I think the PETA and Humane Society folks do enough damage to hunters as a group without us commencing to pass judgement on each others favorite type of hunting.

Y'all be safe!


----------



## spurandrack (Oct 27, 2011)

*wow*

just wow.............



s&r


----------



## g24dawggone (Oct 28, 2011)

Yes just wow


----------



## UNluckE1` (Jan 16, 2012)

I no longer own dogs but there is nothing like listening to a pack do their thing. It gets tiresome hearing people who know nothing about dogging put it down. Dogs chase because thats what they have been bred to do and it's a thing of beauty as much as anything else in the woods that GOD created. If you dont like what GOD created talk to HIM.


----------



## seaweaver (Jan 17, 2012)

" It gets tiresome hearing people " not hearing...
g24 you can paint a picture but some will only see what they want.
When you develop a nuanced idea and expose it to folk unable to process it, you get what you have here. The point becomes you. It's not much different than talking to R.Pauls.
cw


----------



## NCHillbilly (Jan 17, 2012)

bearhunter39 said:


> First of all Bear dog's are not pet's they are bred to hunt bear's with,a pet is some little worthless dog that lay's around the house and don't earn it's keep and hunting is what dog's  we're meant to be used for,i know everyone is entitled to their own opinion but hunting with dog's is way more fun than just shooting a bear.





Mtn Hunter said:


> X2 Bear Hunter39. I own my dogs. I am not a "pet parent". I use my dogs as tools. That being said, we hunt as a team and anything that is a threat to them is a threat to me. Hunting with a dog requires the hunter to be responsible for that dog and to back him up just as he backs you up.

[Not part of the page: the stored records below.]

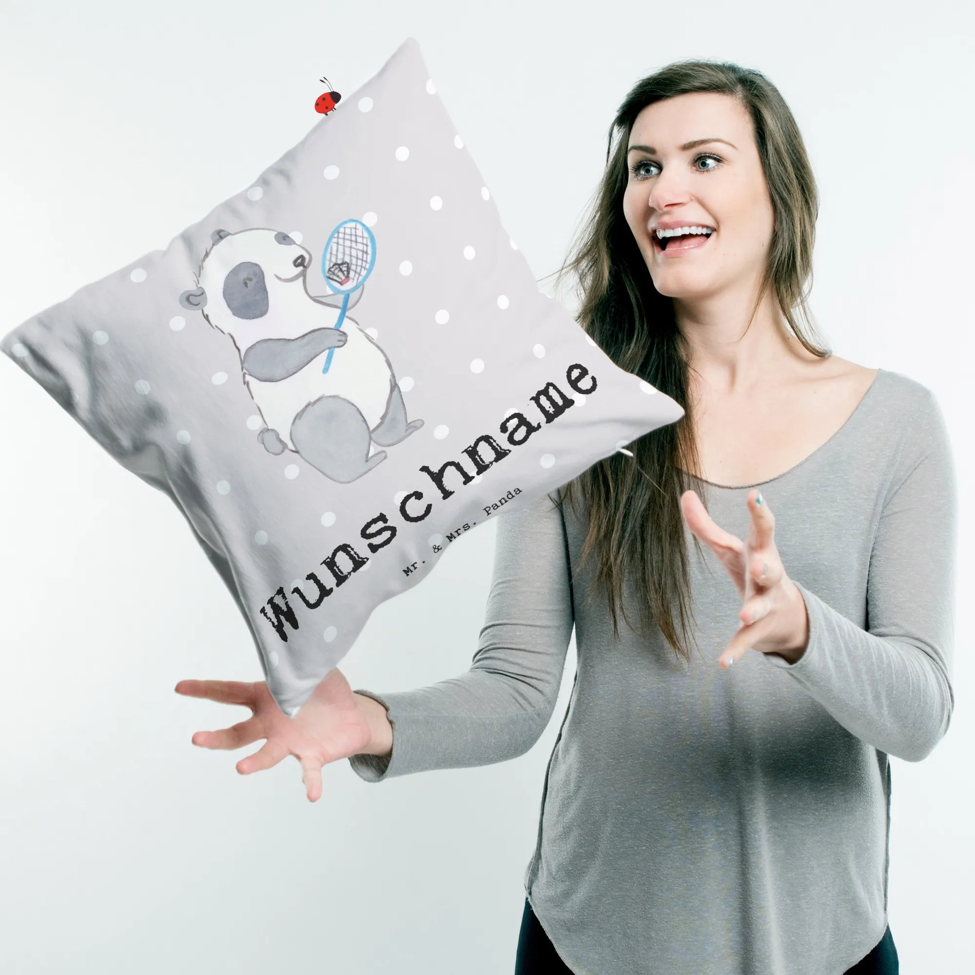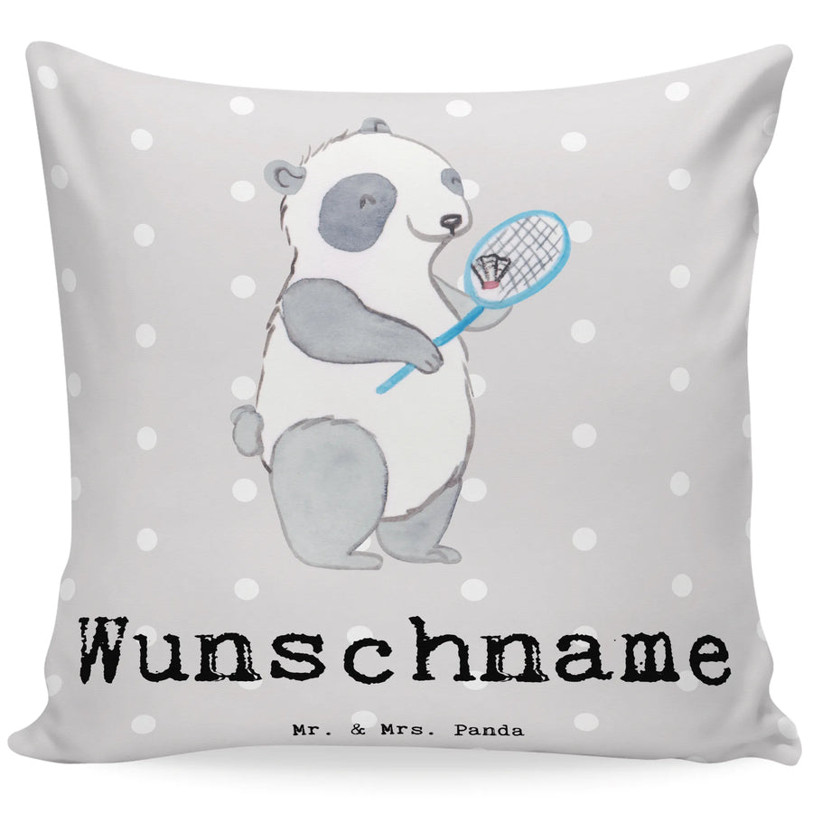 Personalised cushion panda badminton Gift, sport, hobby, giving, thank you, award, profit, athlete, Badminton, play badminton
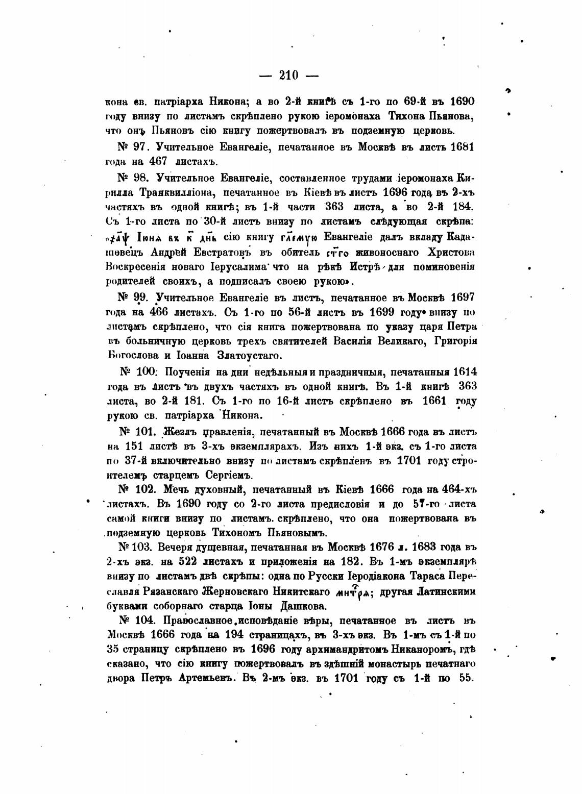 У 102. Мечь духовный, печатанный въ kieyb 1666 года на 464-хъ
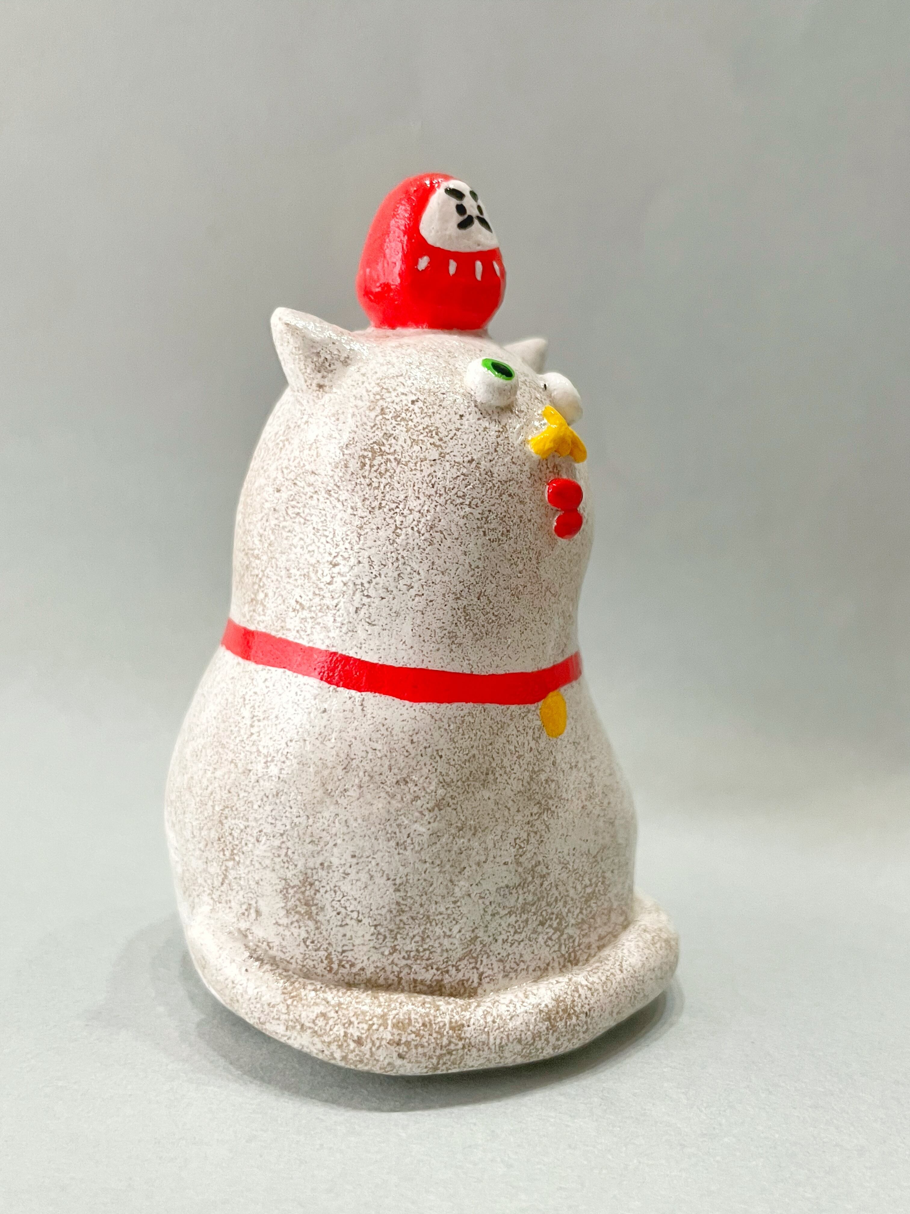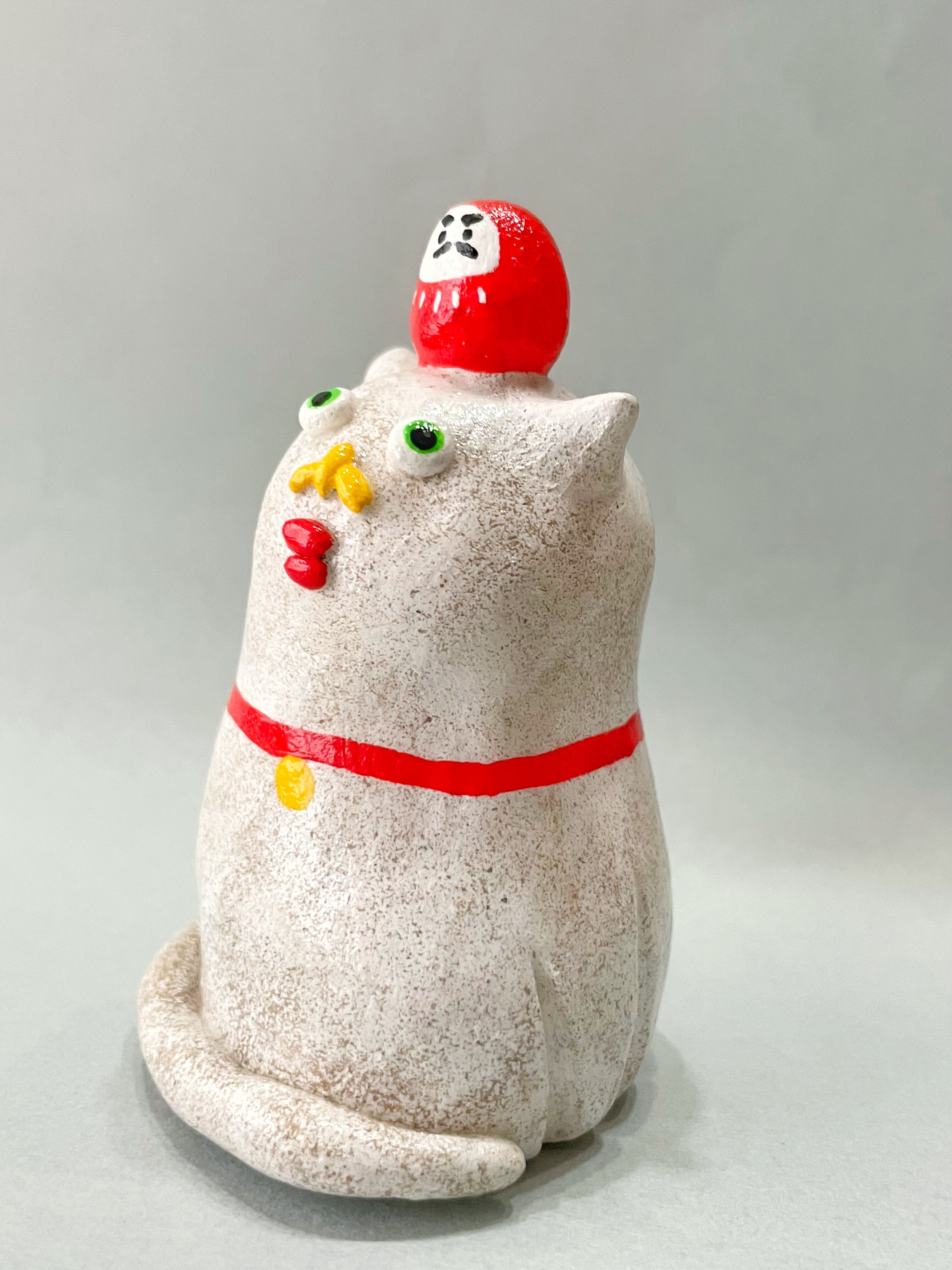 白猫ちゃんの頭の上にちょこんと乗っているダルマさんがとても愛らしい表情を持ち、見ているだけで心が和みます。
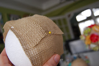 - Now attach the flowers onto the burlap balls. I used straight pins to arrange them on the ball ahead of time. Space the flowers out so that the burlap shows though the middle. Then I dabbed some Gorilla Glue onto the back of each flower. I then put a straight pin back in the middle of the flower to hold the flower on to the ball until the glue dried. Once the glue dried, then I pulled the pins out.
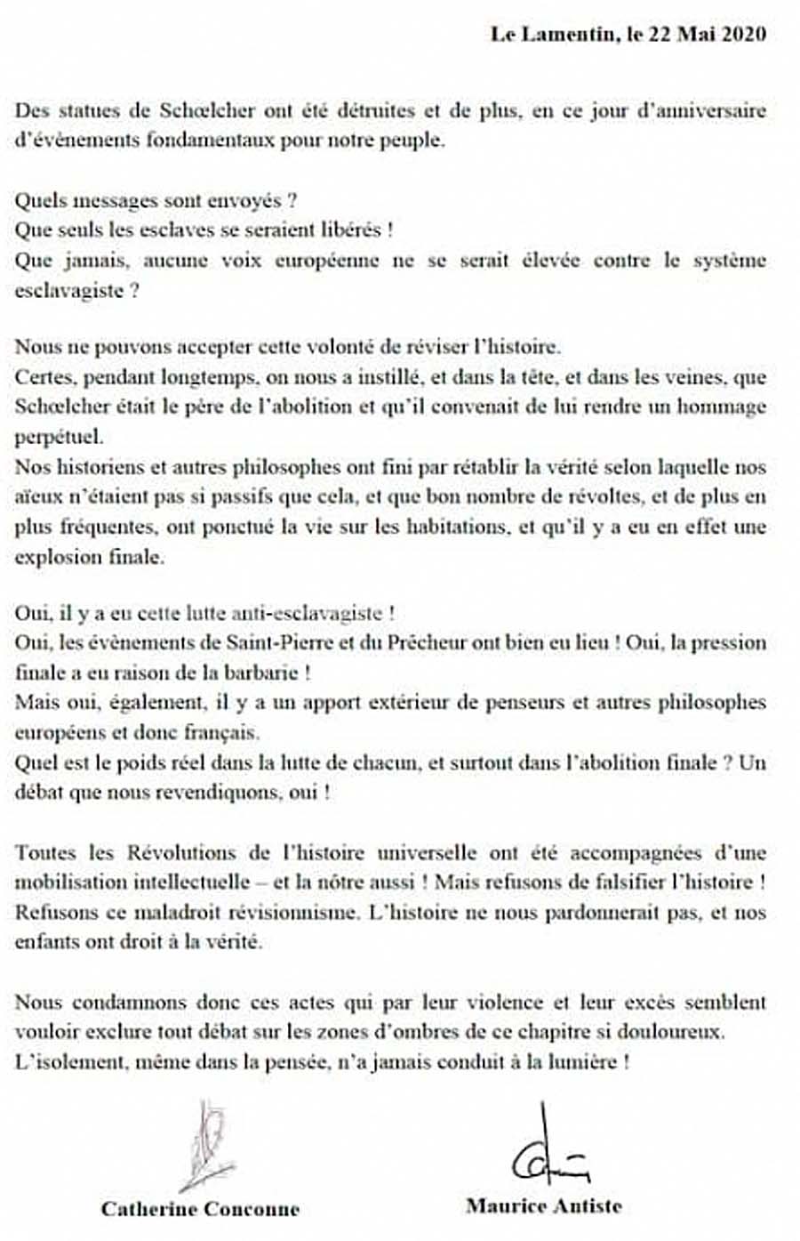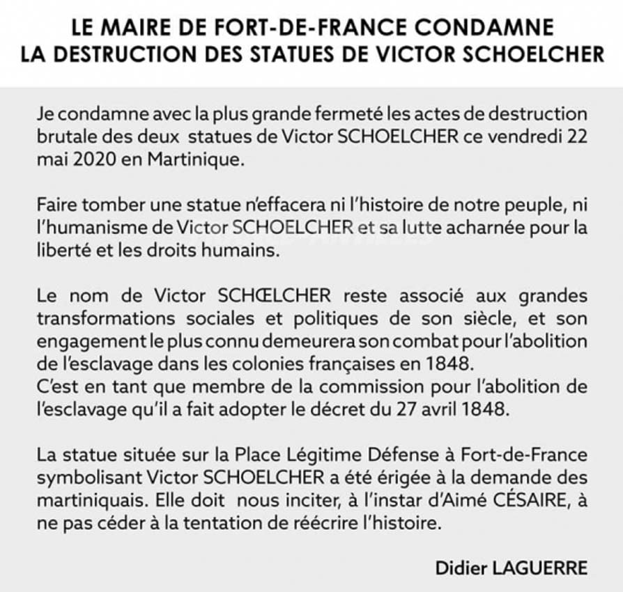Par conséquent, je condamne sans réserve les actes de dégradation et de vandalisme ciblant les statues de Victor Schœlcher, survenus en pleine journée ce 22 mai 2020 à Fort-de-France et à Schœlcher. »
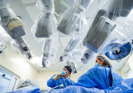 Da vinci surgery robot modern process. Futuristic operating technologies.
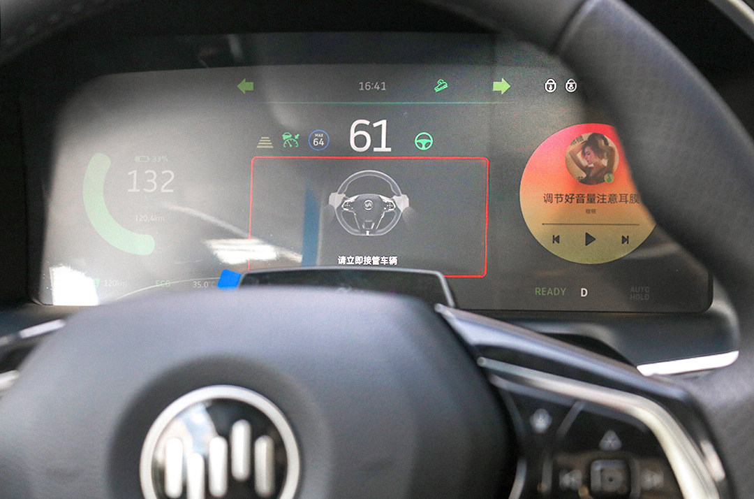 当驾驶员的手离开方向盘的时间超过了15秒,系统就会自动发出嗡鸣声并且在仪表盘上显示“请将手放回方向盘”的文字警告,提醒驾驶员注意安全。

You can argue 'til you're blue in the face with a yuppie suburbanite and he will never get it, you've just had to live it to know it. I don't have any hunting dogs now for the first time in my life, but I kept coonhounds and bear hounds for most of it. They are not "pets" or small fuzzy humans who sleep in the house, but most urban people nowadays have no concept of that. They are there to do a job, but that doesn't mean that their owner doesn't care about them or their welfare, and that's something that he don't get and never will. When I had a pack of hounds, no, I didn't put up with any misbehavior from them. If they did wrong, they were held accountable. But I also considered them my equals and they had my respect, and I had their respect. We were all part of a team who would fight to the death for each other, and it don't work if one part of the team, whether dog or hunter, lets the other one down. I have punished dogs for running trash or fighting other dogs and such, but I have also risked my own life more than once to save my dogs from harm. That's just the way it is, and some people would never get it unless you've grown up in it and lived it.


----------



## bullsprig1100 (Jan 17, 2012)

G24DAWGGONE, it is your right to hunt how you wish, and I certainly dont know you or your situation, but hunting waterfowl with a dog is more ethical than waterfowl hunting without one, IMO. A dog is capable of making retrieves on waterfowl that you may never even know you hit or wounded. We owe it to ourselves, and our game to make every effort at a successful retrieve. A good retriever can help with that without question. I know, I have waterfowl hunted with a retriever for MANY years, and have seen it time and time again. As far as bear dogs go, worrying about our dogs is just something we do. Each and every time I turn one out. It doesnt mean we shouldn't hunt bear, or hogs, with them, we should just do our best to protect them and take care of them to the best of our abilities. These dogs are born and bred to hunt bear and love to do it. Trust me, my hounds love a good chase, and would much rather run a bear or hog than be kennel queens. Sure, they get hurt sometimes, as do all of us, when we are doing the things in life that we love. I feel that my dogs would rather die in the heat of battle on a bear, than die of boredom in a kennel. By the way, fortunatly my hounds rarely get hurt after the shot, if at all, it is usually before we humans make it to the bay that the damage is done. I dont know if you would be interested, or maybe you have already done it before and didnt like it, but if you would like to join me and my friends and family on a bear/hog hunt with hounds, or even waterfowl hunt with a good retriever, just PM me. I would love to show you our great sport!


----------



## Nicodemus (Jan 17, 2012)

It`s been my experience my entire life that dog hunters of any kind are some of the most generous hunters out there. Offerin` huntin` invites, a mess of meat, a chance to spend the weekend with the group to experience just what the thrill of a hunt like this is. 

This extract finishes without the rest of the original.